[[ Source information open ]]

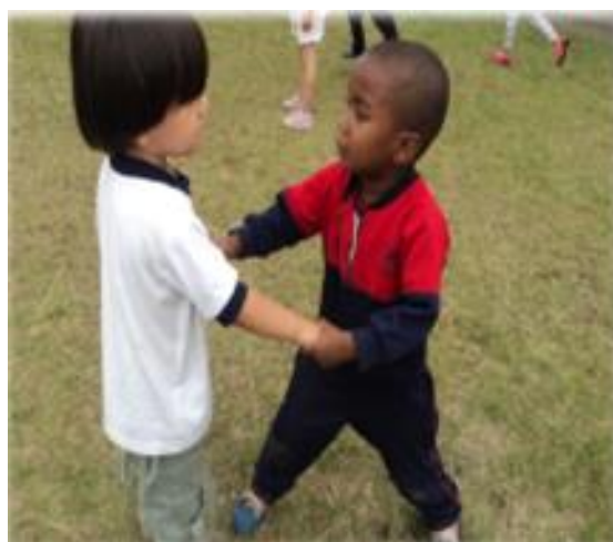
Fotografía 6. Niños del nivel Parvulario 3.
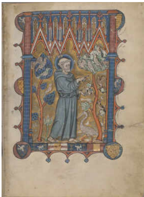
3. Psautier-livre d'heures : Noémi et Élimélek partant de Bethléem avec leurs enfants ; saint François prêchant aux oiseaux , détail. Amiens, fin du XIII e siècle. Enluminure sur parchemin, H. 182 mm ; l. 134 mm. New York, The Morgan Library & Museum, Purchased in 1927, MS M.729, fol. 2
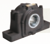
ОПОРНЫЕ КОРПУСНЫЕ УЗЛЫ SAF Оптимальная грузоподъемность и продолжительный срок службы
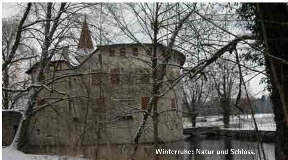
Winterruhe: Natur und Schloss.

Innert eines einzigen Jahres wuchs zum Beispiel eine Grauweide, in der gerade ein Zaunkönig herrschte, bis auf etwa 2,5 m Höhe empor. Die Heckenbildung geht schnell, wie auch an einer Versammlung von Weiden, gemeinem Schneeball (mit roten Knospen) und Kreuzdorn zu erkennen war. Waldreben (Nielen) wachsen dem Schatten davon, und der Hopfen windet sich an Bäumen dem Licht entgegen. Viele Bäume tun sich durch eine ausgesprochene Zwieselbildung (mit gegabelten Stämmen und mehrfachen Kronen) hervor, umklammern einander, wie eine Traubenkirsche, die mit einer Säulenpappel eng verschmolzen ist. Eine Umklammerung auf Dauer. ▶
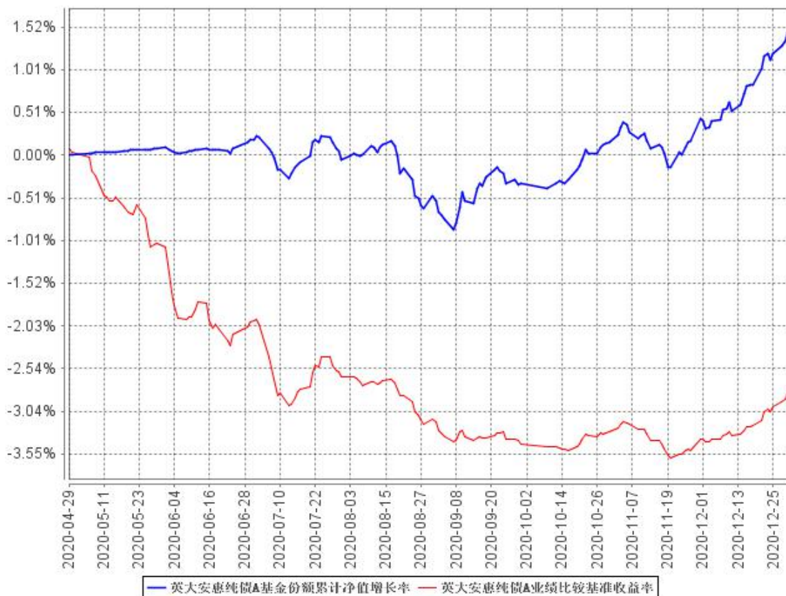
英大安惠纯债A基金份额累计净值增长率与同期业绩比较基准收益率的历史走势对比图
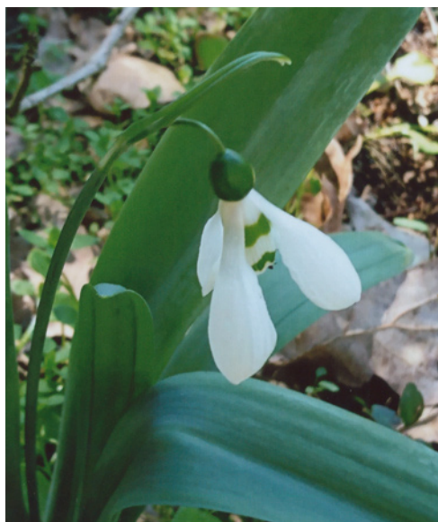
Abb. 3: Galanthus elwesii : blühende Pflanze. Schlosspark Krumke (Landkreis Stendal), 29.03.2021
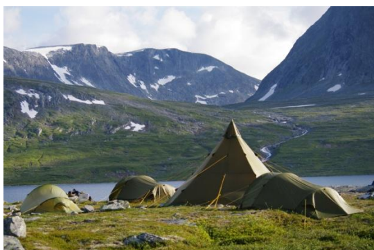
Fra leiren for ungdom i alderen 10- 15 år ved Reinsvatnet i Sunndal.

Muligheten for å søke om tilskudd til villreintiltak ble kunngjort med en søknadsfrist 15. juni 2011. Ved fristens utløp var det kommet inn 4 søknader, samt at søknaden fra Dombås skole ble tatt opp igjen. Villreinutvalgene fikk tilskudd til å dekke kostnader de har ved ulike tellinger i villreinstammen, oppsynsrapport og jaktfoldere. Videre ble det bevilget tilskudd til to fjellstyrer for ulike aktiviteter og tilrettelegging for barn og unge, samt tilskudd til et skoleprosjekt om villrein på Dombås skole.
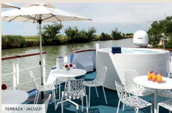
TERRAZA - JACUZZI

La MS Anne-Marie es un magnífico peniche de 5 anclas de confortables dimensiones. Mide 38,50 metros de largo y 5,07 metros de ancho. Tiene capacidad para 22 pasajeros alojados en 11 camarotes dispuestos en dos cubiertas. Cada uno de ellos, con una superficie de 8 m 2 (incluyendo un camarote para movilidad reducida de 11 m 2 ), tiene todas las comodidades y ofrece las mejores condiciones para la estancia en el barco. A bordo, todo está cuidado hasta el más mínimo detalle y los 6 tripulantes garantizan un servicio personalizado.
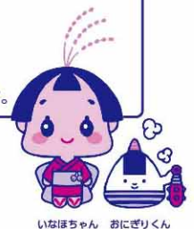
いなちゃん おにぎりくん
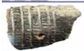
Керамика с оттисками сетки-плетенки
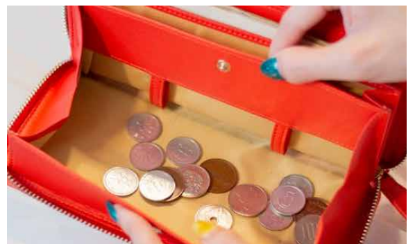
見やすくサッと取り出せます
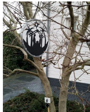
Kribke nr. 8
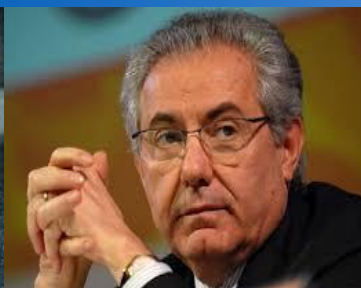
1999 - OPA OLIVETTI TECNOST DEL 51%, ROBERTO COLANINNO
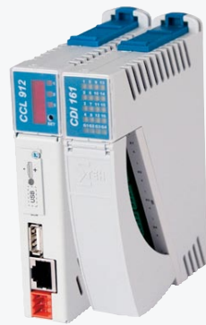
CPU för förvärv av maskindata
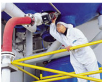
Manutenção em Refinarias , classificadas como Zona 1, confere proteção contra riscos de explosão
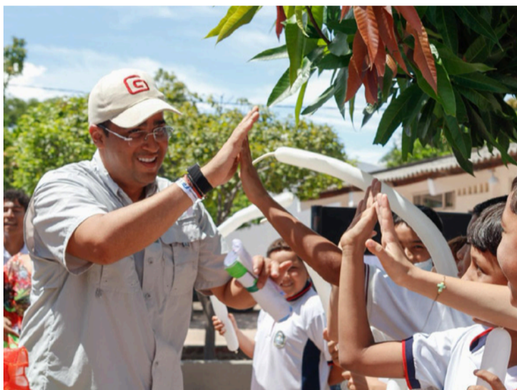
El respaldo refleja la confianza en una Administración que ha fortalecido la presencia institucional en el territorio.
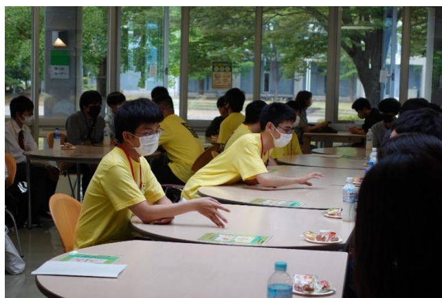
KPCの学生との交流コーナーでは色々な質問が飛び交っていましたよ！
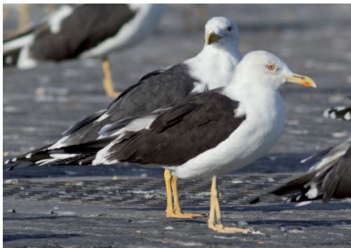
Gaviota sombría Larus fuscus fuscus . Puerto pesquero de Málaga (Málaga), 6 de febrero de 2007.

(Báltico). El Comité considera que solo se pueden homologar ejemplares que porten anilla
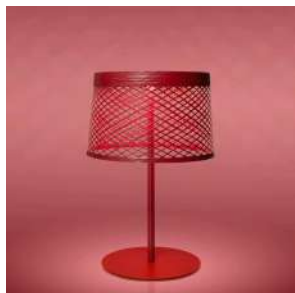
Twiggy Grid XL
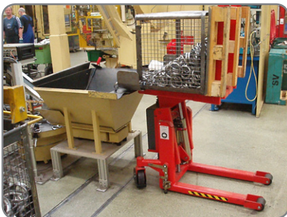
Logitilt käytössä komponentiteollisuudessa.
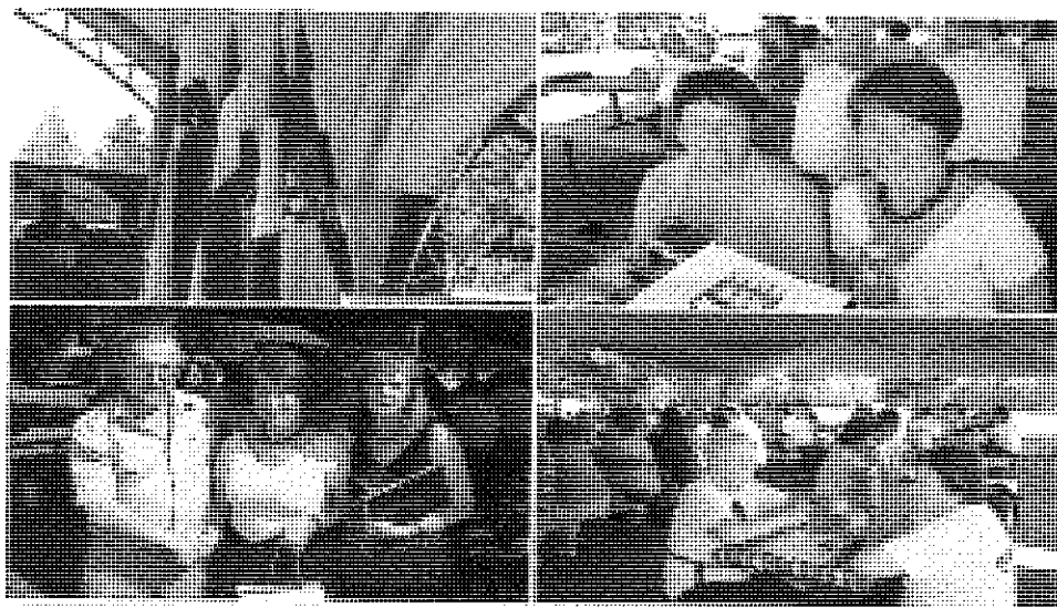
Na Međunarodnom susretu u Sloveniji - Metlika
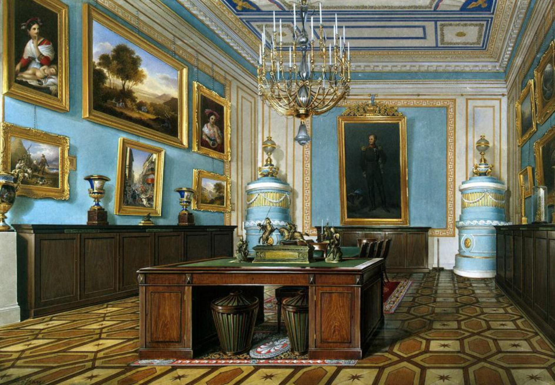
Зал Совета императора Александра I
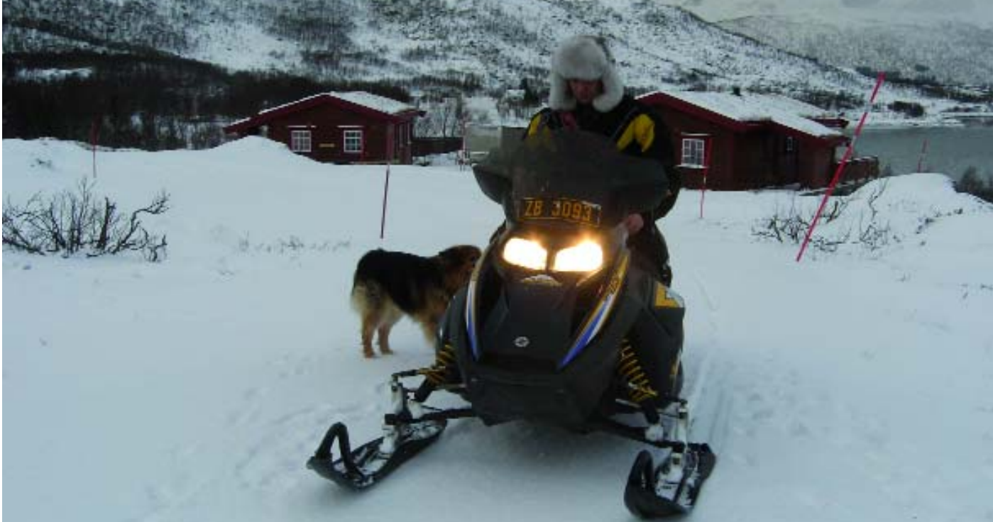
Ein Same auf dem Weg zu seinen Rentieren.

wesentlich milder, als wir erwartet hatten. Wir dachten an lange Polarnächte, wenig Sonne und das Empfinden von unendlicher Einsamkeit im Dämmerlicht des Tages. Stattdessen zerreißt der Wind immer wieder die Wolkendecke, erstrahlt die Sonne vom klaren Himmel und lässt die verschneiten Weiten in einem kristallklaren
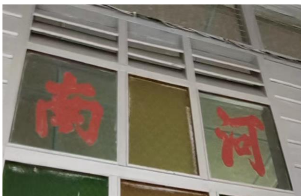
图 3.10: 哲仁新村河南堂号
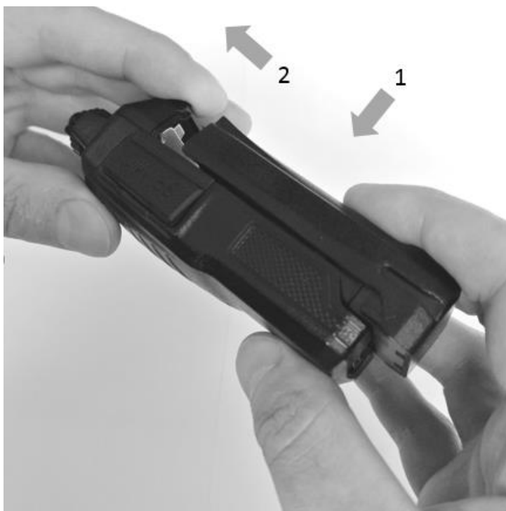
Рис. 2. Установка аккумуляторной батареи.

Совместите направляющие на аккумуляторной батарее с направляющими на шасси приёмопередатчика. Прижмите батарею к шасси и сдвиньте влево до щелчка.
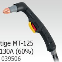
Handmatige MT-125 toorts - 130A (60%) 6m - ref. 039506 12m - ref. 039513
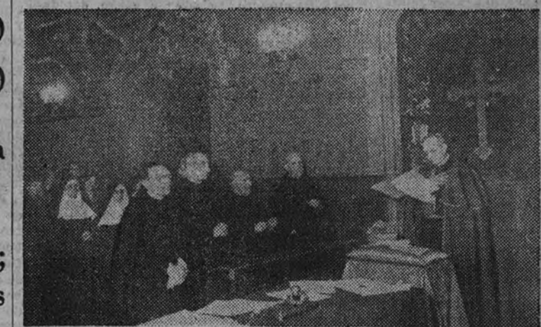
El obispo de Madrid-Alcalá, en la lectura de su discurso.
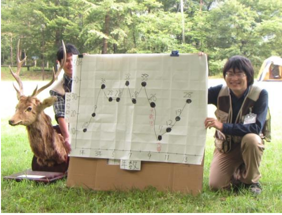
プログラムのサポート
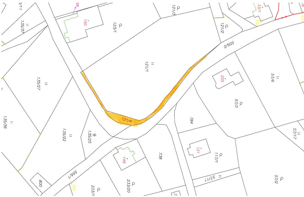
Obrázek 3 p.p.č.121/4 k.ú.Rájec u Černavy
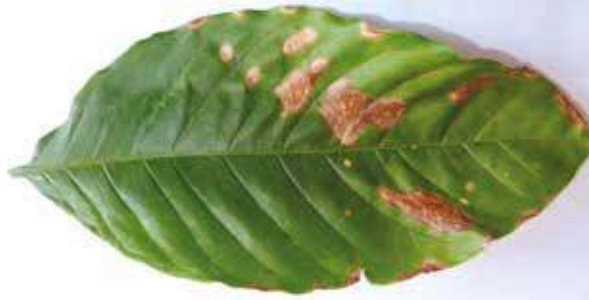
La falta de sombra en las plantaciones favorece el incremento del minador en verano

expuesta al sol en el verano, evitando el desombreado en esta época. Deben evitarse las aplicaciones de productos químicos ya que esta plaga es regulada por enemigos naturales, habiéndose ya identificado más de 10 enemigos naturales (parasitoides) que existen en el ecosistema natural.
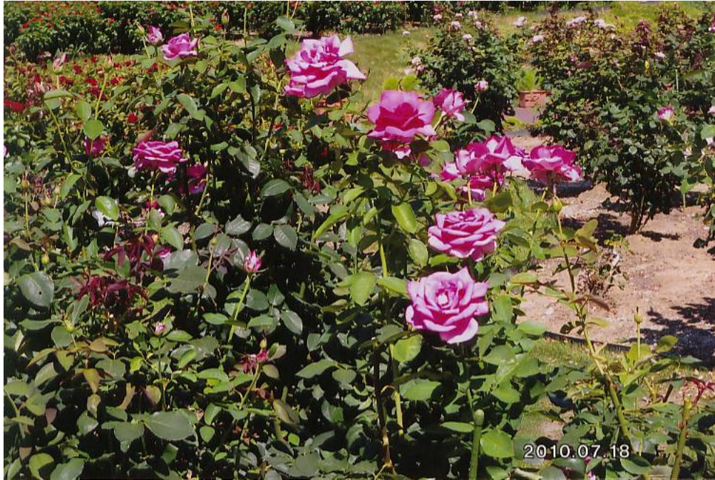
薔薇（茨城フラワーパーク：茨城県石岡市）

[[ Source information closed ]]

== Task prompt ==
Please transcribe every record above exactly as written, leaving out the pictures.

== Task answer ==
Fotografía 6. Niños del nivel Parvulario 3.
3. Psautier-livre d'heures : Noémi et Élimélek partant de Bethléem avec leurs enfants ; saint François prêchant aux oiseaux , détail. Amiens, fin du XIII e siècle. Enluminure sur parchemin, H. 182 mm ; l. 134 mm. New York, The Morgan Library & Museum, Purchased in 1927, MS M.729, fol. 2
ОПОРНЫЕ КОРПУСНЫЕ УЗЛЫ SAF Оптимальная грузоподъемность и продолжительный срок службы
Winterruhe: Natur und Schloss.

Innert eines einzigen Jahres wuchs zum Beispiel eine Grauweide, in der gerade ein Zaunkönig herrschte, bis auf etwa 2,5 m Höhe empor. Die Heckenbildung geht schnell, wie auch an einer Versammlung von Weiden, gemeinem Schneeball (mit roten Knospen) und Kreuzdorn zu erkennen war. Waldreben (Nielen) wachsen dem Schatten davon, und der Hopfen windet sich an Bäumen dem Licht entgegen. Viele Bäume tun sich durch eine ausgesprochene Zwieselbildung (mit gegabelten Stämmen und mehrfachen Kronen) hervor, umklammern einander, wie eine Traubenkirsche, die mit einer Säulenpappel eng verschmolzen ist. Eine Umklammerung auf Dauer. ▶
英大安惠纯债A基金份额累计净值增长率与同期业绩比较基准收益率的历史走势对比图
Abb. 3: Galanthus elwesii : blühende Pflanze. Schlosspark Krumke (Landkreis Stendal), 29.03.2021
Fra leiren for ungdom i alderen 10- 15 år ved Reinsvatnet i Sunndal.

Muligheten for å søke om tilskudd til villreintiltak ble kunngjort med en søknadsfrist 15. juni 2011. Ved fristens utløp var det kommet inn 4 søknader, samt at søknaden fra Dombås skole ble tatt opp igjen. Villreinutvalgene fikk tilskudd til å dekke kostnader de har ved ulike tellinger i villreinstammen, oppsynsrapport og jaktfoldere. Videre ble det bevilget tilskudd til to fjellstyrer for ulike aktiviteter og tilrettelegging for barn og unge, samt tilskudd til et skoleprosjekt om villrein på Dombås skole.
TERRAZA - JACUZZI

La MS Anne-Marie es un magnífico peniche de 5 anclas de confortables dimensiones. Mide 38,50 metros de largo y 5,07 metros de ancho. Tiene capacidad para 22 pasajeros alojados en 11 camarotes dispuestos en dos cubiertas. Cada uno de ellos, con una superficie de 8 m 2 (incluyendo un camarote para movilidad reducida de 11 m 2 ), tiene todas las comodidades y ofrece las mejores condiciones para la estancia en el barco. A bordo, todo está cuidado hasta el más mínimo detalle y los 6 tripulantes garantizan un servicio personalizado.
いなちゃん おにぎりくん
Керамика с оттисками сетки-плетенки
見やすくサッと取り出せます
Kribke nr. 8
1999 - OPA OLIVETTI TECNOST DEL 51%, ROBERTO COLANINNO
CPU för förvärv av maskindata
Manutenção em Refinarias , classificadas como Zona 1, confere proteção contra riscos de explosão
El respaldo refleja la confianza en una Administración que ha fortalecido la presencia institucional en el territorio.
KPCの学生との交流コーナーでは色々な質問が飛び交っていましたよ！
Gaviota sombría Larus fuscus fuscus . Puerto pesquero de Málaga (Málaga), 6 de febrero de 2007.

(Báltico). El Comité considera que solo se pueden homologar ejemplares que porten anilla
Twiggy Grid XL
Logitilt käytössä komponentiteollisuudessa.
Na Međunarodnom susretu u Sloveniji - Metlika
Зал Совета императора Александра I
Ein Same auf dem Weg zu seinen Rentieren.

wesentlich milder, als wir erwartet hatten. Wir dachten an lange Polarnächte, wenig Sonne und das Empfinden von unendlicher Einsamkeit im Dämmerlicht des Tages. Stattdessen zerreißt der Wind immer wieder die Wolkendecke, erstrahlt die Sonne vom klaren Himmel und lässt die verschneiten Weiten in einem kristallklaren
图 3.10: 哲仁新村河南堂号
Рис. 2. Установка аккумуляторной батареи.

Совместите направляющие на аккумуляторной батарее с направляющими на шасси приёмопередатчика. Прижмите батарею к шасси и сдвиньте влево до щелчка.
Handmatige MT-125 toorts - 130A (60%) 6m - ref. 039506 12m - ref. 039513
El obispo de Madrid-Alcalá, en la lectura de su discurso.
プログラムのサポート
Obrázek 3 p.p.č.121/4 k.ú.Rájec u Černavy
La falta de sombra en las plantaciones favorece el incremento del minador en verano

expuesta al sol en el verano, evitando el desombreado en esta época. Deben evitarse las aplicaciones de productos químicos ya que esta plaga es regulada por enemigos naturales, habiéndose ya identificado más de 10 enemigos naturales (parasitoides) que existen en el ecosistema natural.
薔薇（茨城フラワーパーク：茨城県石岡市）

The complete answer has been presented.